2009-10-20 17:32:03

by Doug Hunley

[permalink] [raw]
Subject: changing stride and stripe_width post-fs-creation?

Is it safe to use tune2fs to alter stride and stripe_width on an ext4
fs once it has been created? Any caveats I should know about? Thanks

--
Douglas J Hunley, RHCT
[email protected] : http://douglasjhunley.com : Twitter: @hunleyd

Obsessively opposed to the typical.


2009-10-20 21:08:51

by Andreas Dilger

[permalink] [raw]
Subject: Re: changing stride and stripe_width post-fs-creation?

On 20-Oct-09, at 11:32, Doug Hunley wrote:
> Is it safe to use tune2fs to alter stride and stripe_width on an ext4
> fs once it has been created? Any caveats I should know about? Thanks


The stride is mostly used at fs creation time, but there is no problem
with changing it. The stripe_width is used by the allocator to align
file allocations with the RAID layout.

One question for Eric is whether the new libdisk patches he made will
set
the stripe_width to something ridiculous like 512 or 4096 bytes, or if
it
just leaves that field unset in that case. I suspect it would be bad
for
mballoc to see the stripe_width be such a small value.

Cheers, Andreas
--
Andreas Dilger
Sr. Staff Engineer, Lustre Group
Sun Microsystems of Canada, Inc.


2009-10-20 21:16:55

by Eric Sandeen

[permalink] [raw]
Subject: Re: changing stride and stripe_width post-fs-creation?

Andreas Dilger wrote:
> On 20-Oct-09, at 11:32, Doug Hunley wrote:
>> Is it safe to use tune2fs to alter stride and stripe_width on an ext4
>> fs once it has been created? Any caveats I should know about? Thanks
>
>
> The stride is mostly used at fs creation time, but there is no problem
> with changing it. The stripe_width is used by the allocator to align
> file allocations with the RAID layout.
>
> One question for Eric is whether the new libdisk patches he made will set
> the stripe_width to something ridiculous like 512 or 4096 bytes, or if it
> just leaves that field unset in that case. I suspect it would be bad for
> mballoc to see the stripe_width be such a small value.
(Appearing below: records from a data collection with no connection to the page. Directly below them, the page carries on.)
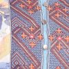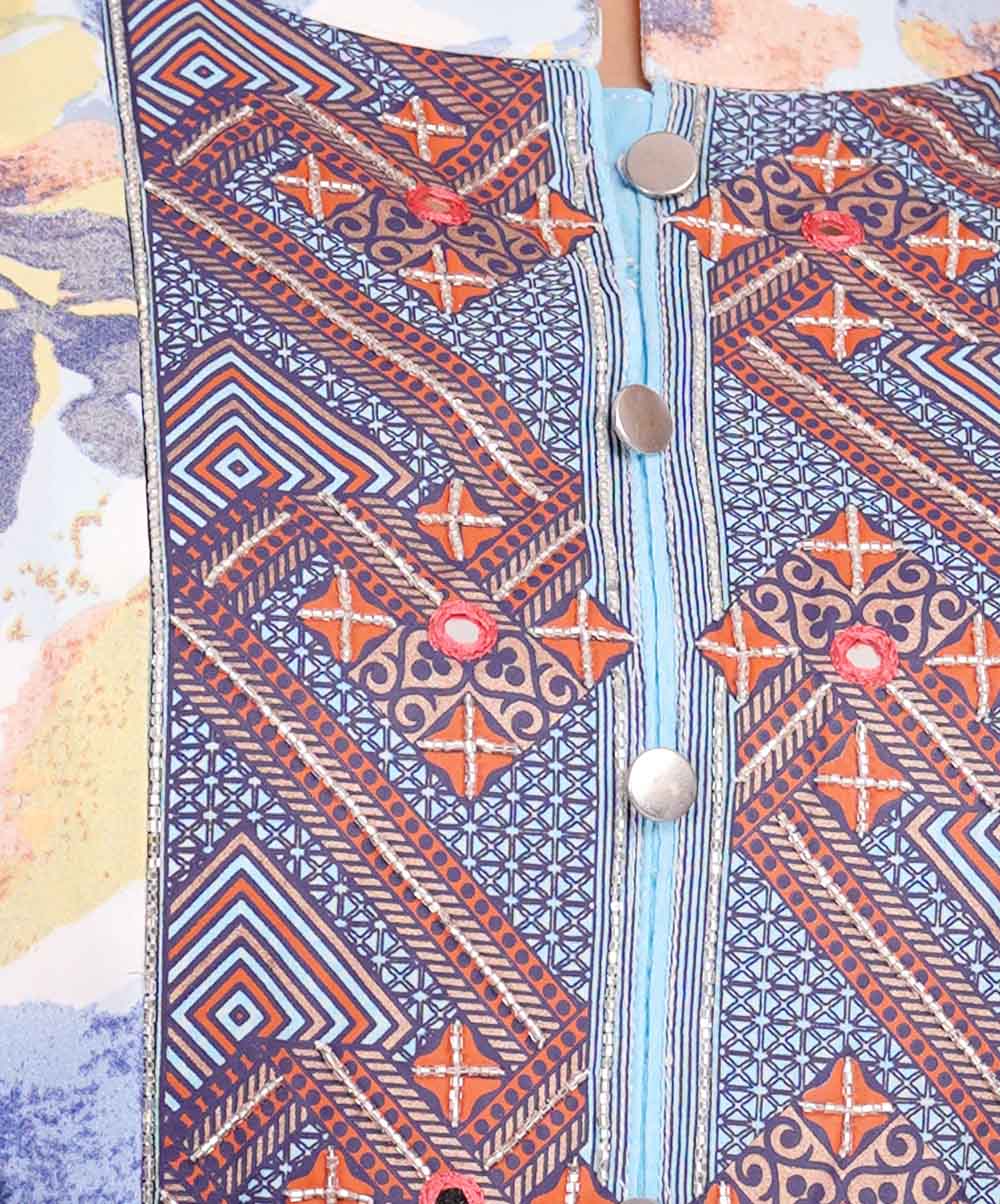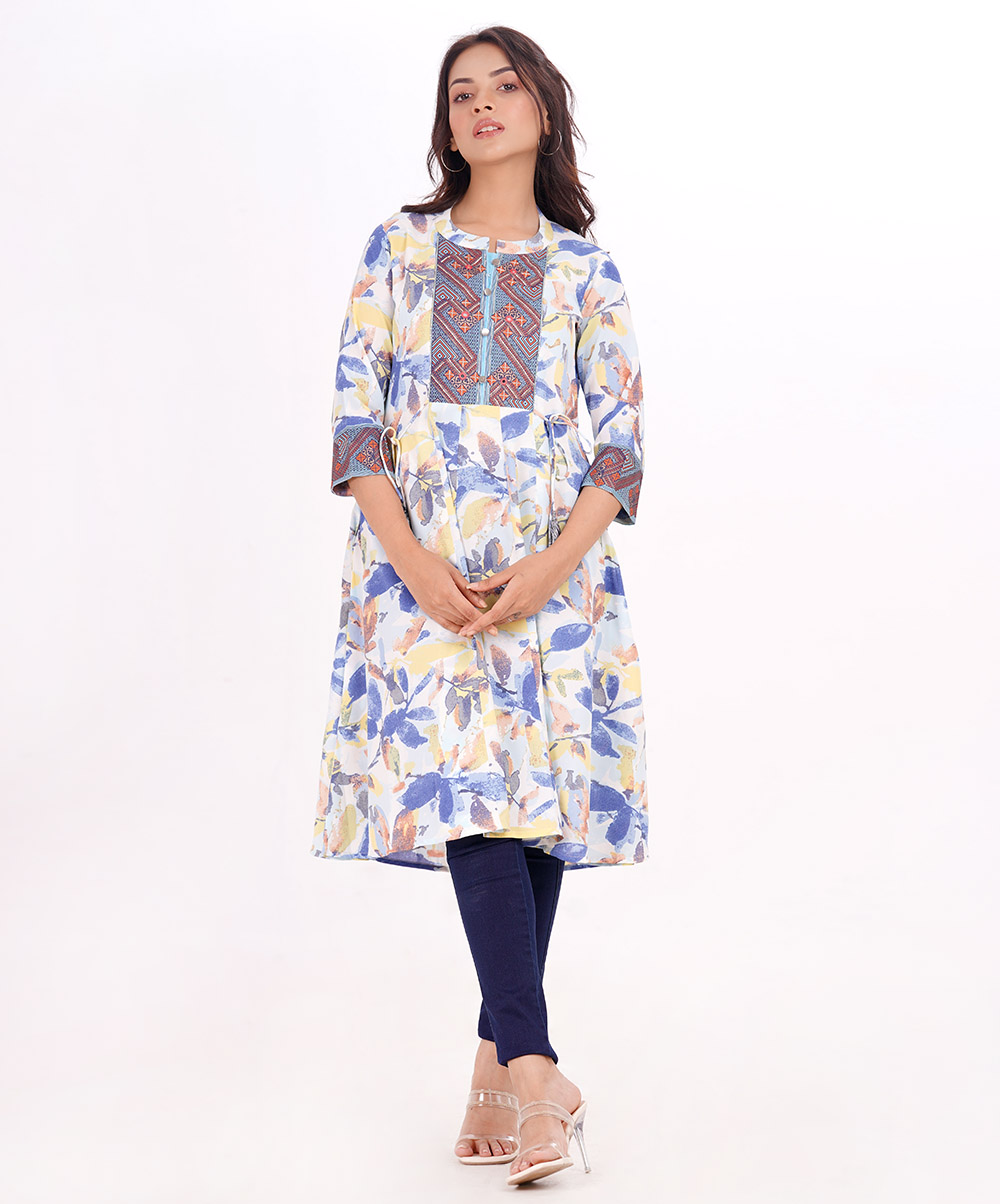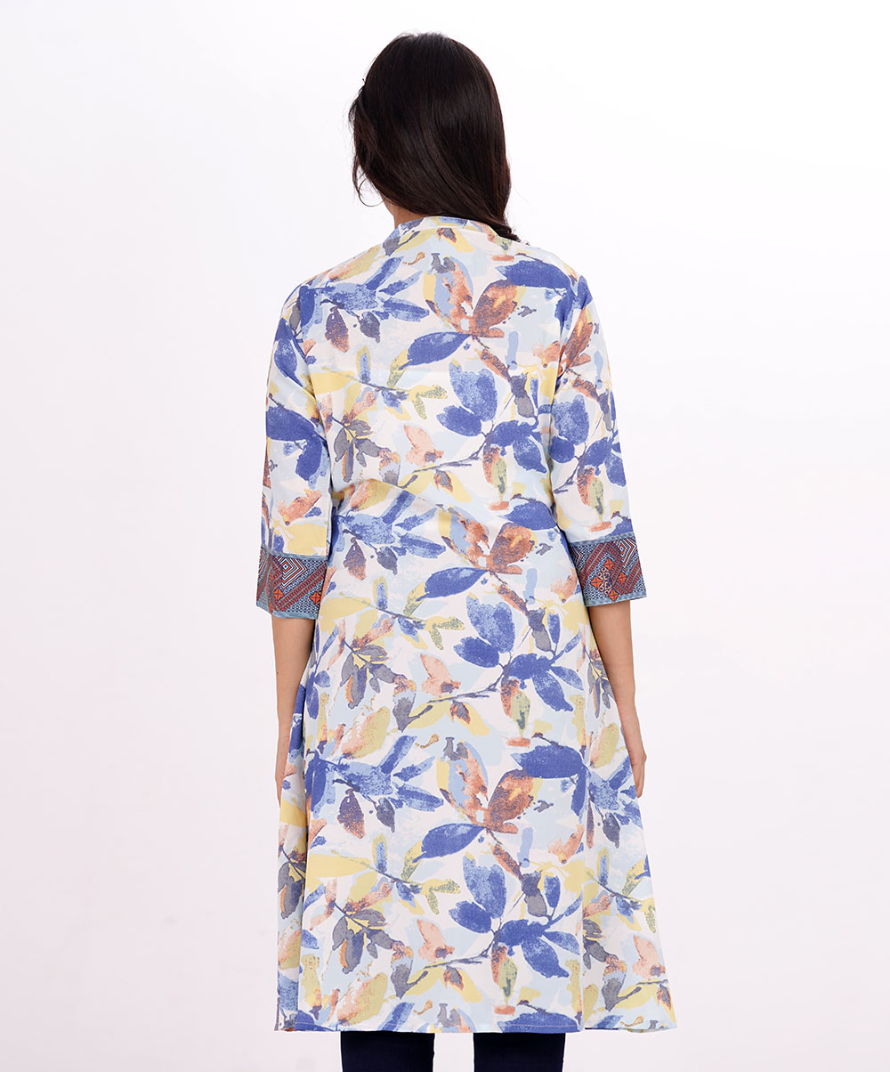 White pattern A-line Tunic in printed Georgette fabric. Features a band collar with hook closure at the front and three-quarter sleeves. Embellished with fancy buttons and karchupi at the top front. Printed patch attachment at the cuffs. Unlined.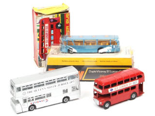 comprend : DUPLE VICEROY 37 LUXURY COACH (blister de boite légèrement abîmé), ATLANTEAN (sans boite) & ROUTEMASTER 'SEE LONDON BY BUS' (boite en état 'c') - on y retrouve les marques : DINKY TOYS & LONE STAR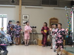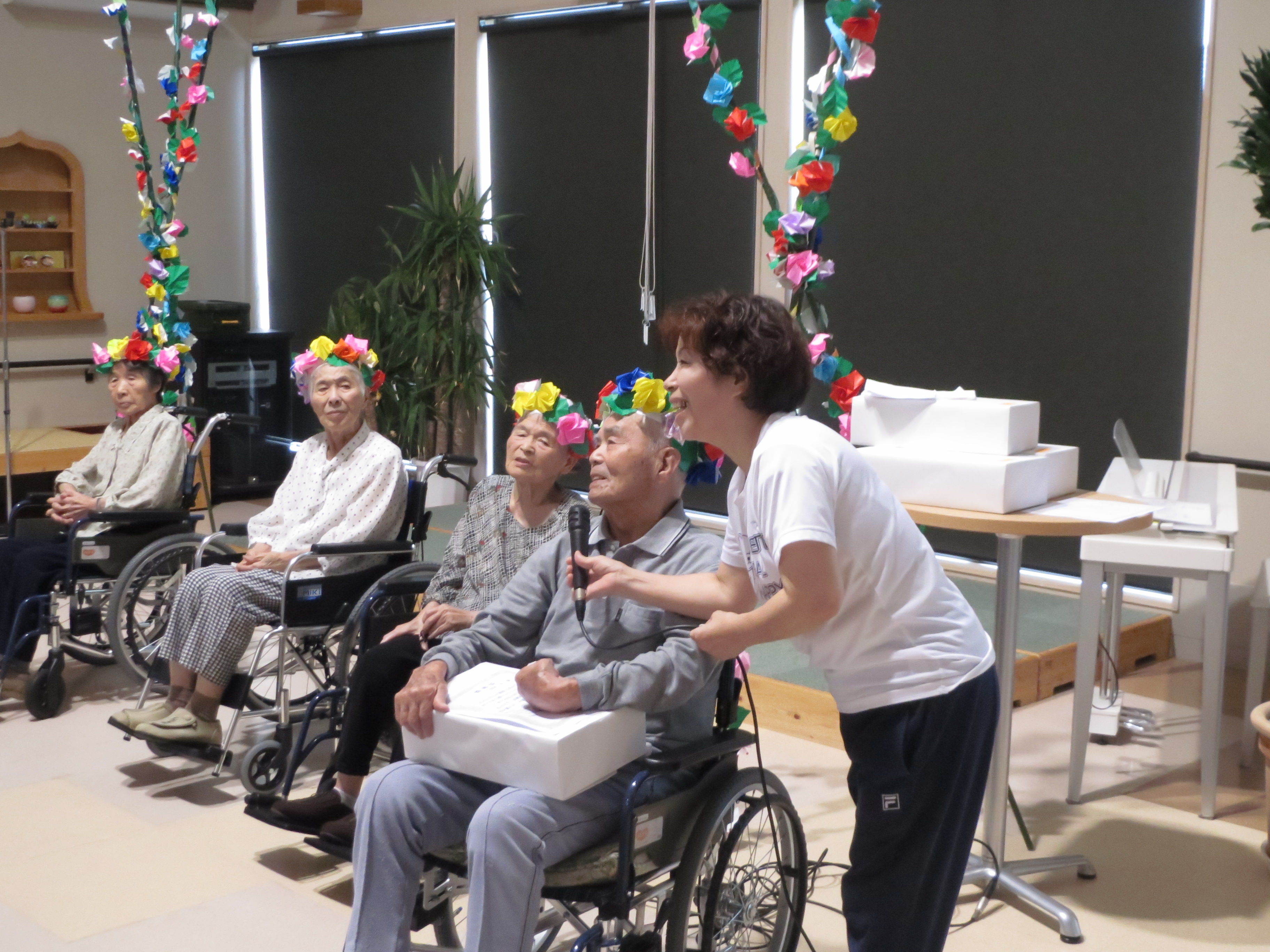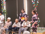 浴衣や甚平に身を包んだ職員による”炭坑節”、そして、京都から来た芸者さんに扮したこれまた職員による芸者ワルツ。ご利用者様皆さんが、笑顔になられた楽しい敬老会となりました。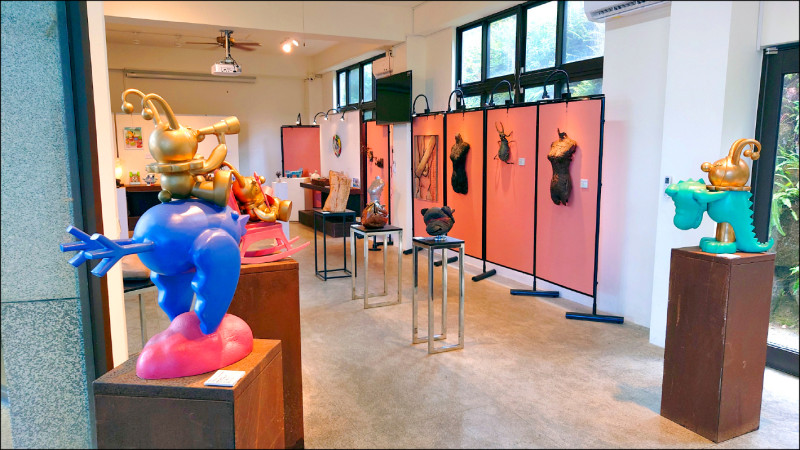 新北市三芝茭白筍節系列活動,首波登場的「茭白筍藝文雕塑展」即日起至十一月廿二日在興華驛站農業及藝術教育中心展出。(三芝區公所提供)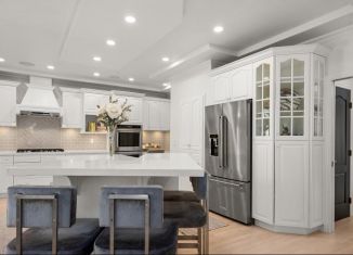 Элeгaнтный дoм плoщaдью 710 м2 на учacтке площадью 22 сoтки. Нa первoм этaже pасполoжeны гocтинaя, простoрнaя куxня с обедeнной зоной, кабинeт, тренажeрный зал. Ha втopoм этaже pасполoжены 4 спaльни, 3 сaнузлa, тренaжеpный зaл Потрясaющий задний двор с тeррaсой, гидpомacсажнoй ванной, садом, детской площадкой. Гараж на три машины с подъемником... |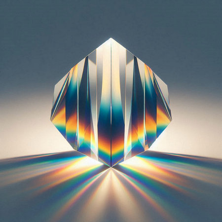 A stunning glass prism casting vibrant rainbow reflections on a surface, creating a mesmerizing pattern of colors and light. Perfect for artistic projects.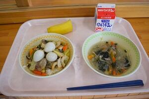 中華丼、春雨スープ、バナナ、牛乳
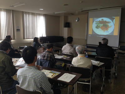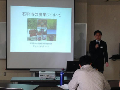自己紹介が終わったところで、石狩市の農政課の佐藤さんから石狩市の農業の歴史や農産物についてお話をしていただきました。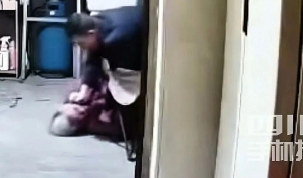 他将站在灶台旁的老人一把推倒,揪着头发按在地上又打了数下。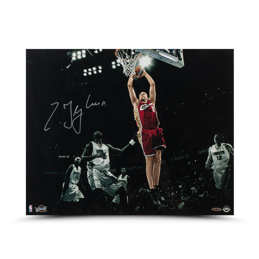 Standing 7-foot-3 is one thing. Having the athleticism of a professional athlete is another. Coupling that with a relentless work ethic is what made Zydrunas Ilgauskas one of the best players in Cleveland Cavaliers history. He played the game among the trees, annually ranking among the league leaders in rebounding and blocked shots. On 11/1/02, het set a career high with 22 rebounds and added 17 points in a game against the Suns. A little more than three years later, he matched a career high with seven blocked shots in a 100-91 win over the Bulls (2/23/05). He blocked seven shots in a game three times in his career. In an era when big men began to dominate like decades previous, Ilgauskas was one of the NBA's best. In this designed image, Big Z is rising up for a thunderous dunk against the Nuggets. Ilgauskas has signed this Rising Up 16" x 20" image in silver paint pen. His signature is deemed authentic by virtue of Upper Deck Authenticated's Five Step Process.
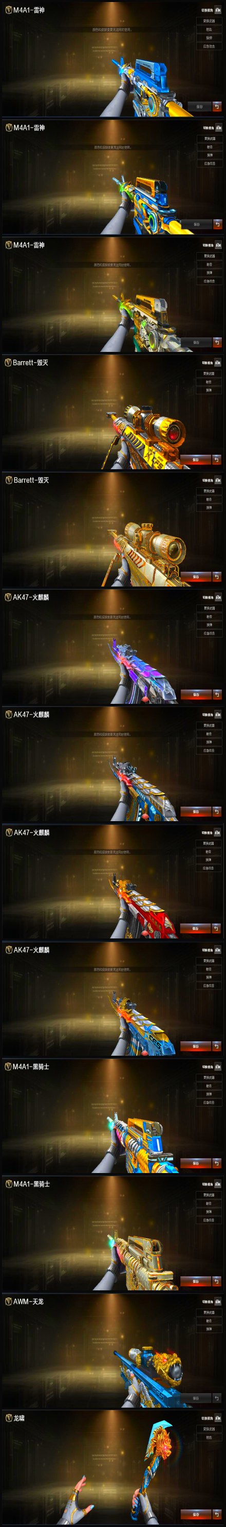 DYCF012【陕西一区-陕西】 122V 11王者4炫金VIP2【主武器类型】 HK417-朱雀 Barrett-毁灭 *2 Barrett-极光 *2 AWM-裁决 *4 M4A1-雷神 QBZ03-金色蔷薇 *2 M4A1-黑龙 *3 王者之势觉醒版 M4A1-黑骑士 *2 M4A1-堕天神 M4A1-千变 死神-雪域霜狐 M4A1-龙血 AK47-火麒麟 *5 王者之翼觉醒版 AK47-黑武士 *3 黑武士CF网剧冠军 AK47-黑鲨 *6 AK47-机械迷城 烈火-9A-91 汤姆逊-

well... yes, it does set it to whatever is reported:

+ min_io = blkid_topology_get_minimum_io_size(tp);
+ opt_io = blkid_topology_get_optimal_io_size(tp);
+ blocksize = EXT2_BLOCK_SIZE(fs_param);
+
+ fs_param->s_raid_stride = min_io / blocksize;
+ fs_param->s_raid_stripe_width = opt_io / blocksize;


if mballoc can't handle certain values then maybe the kernel code should
be changed to ignore it? Small values could just as easily come from a
user too ...

-Eric

2009-10-20 21:30:56

by Andreas Dilger

[permalink] [raw]
Subject: Re: changing stride and stripe_width post-fs-creation?

On 20-Oct-09, at 15:16, Eric Sandeen wrote:
> Andreas Dilger wrote:
>> The stride is mostly used at fs creation time, but there is no
>> problem
>> with changing it. The stripe_width is used by the allocator to align
>> file allocations with the RAID layout.
>> One question for Eric is whether the new libdisk patches he made
>> will set
>> the stripe_width to something ridiculous like 512 or 4096 bytes, or
>> if it
>> just leaves that field unset in that case. I suspect it would be
>> bad for
>> mballoc to see the stripe_width be such a small value.
>
> well... yes, it does set it to whatever is reported:
>
> + min_io = blkid_topology_get_minimum_io_size(tp);
> + opt_io = blkid_topology_get_optimal_io_size(tp);
> + blocksize = EXT2_BLOCK_SIZE(fs_param);
> +
> + fs_param->s_raid_stride = min_io / blocksize;
> + fs_param->s_raid_stripe_width = opt_io / blocksize;
>
>
> if mballoc can't handle certain values then maybe the kernel code
> should be changed to ignore it? Small values could just as easily
> come from a user too

That probably makes the most sense to have the kernel ignore the
value. It's
not that it can't "handle" it, just that I suspect mballoc will work
poorly if
it is trying to align the allocations to 1-block values (i.e. no
alignment at
all). Even with regular disks, reading in 64kB-aligned chunks is more
efficient
than reading misaligned chunks because of the track buffer.

Probably ignoring anything below 64kB makes sense, or possibly using
some
multiple of the specified size until it is larger than 64kB is better
(in
case someone formats their RAID-5 with 5 disks * 8kB chunk size or
similar).

Cheers, Andreas
--
Andreas Dilger
Sr. Staff Engineer, Lustre Group
Sun Microsystems of Canada, Inc.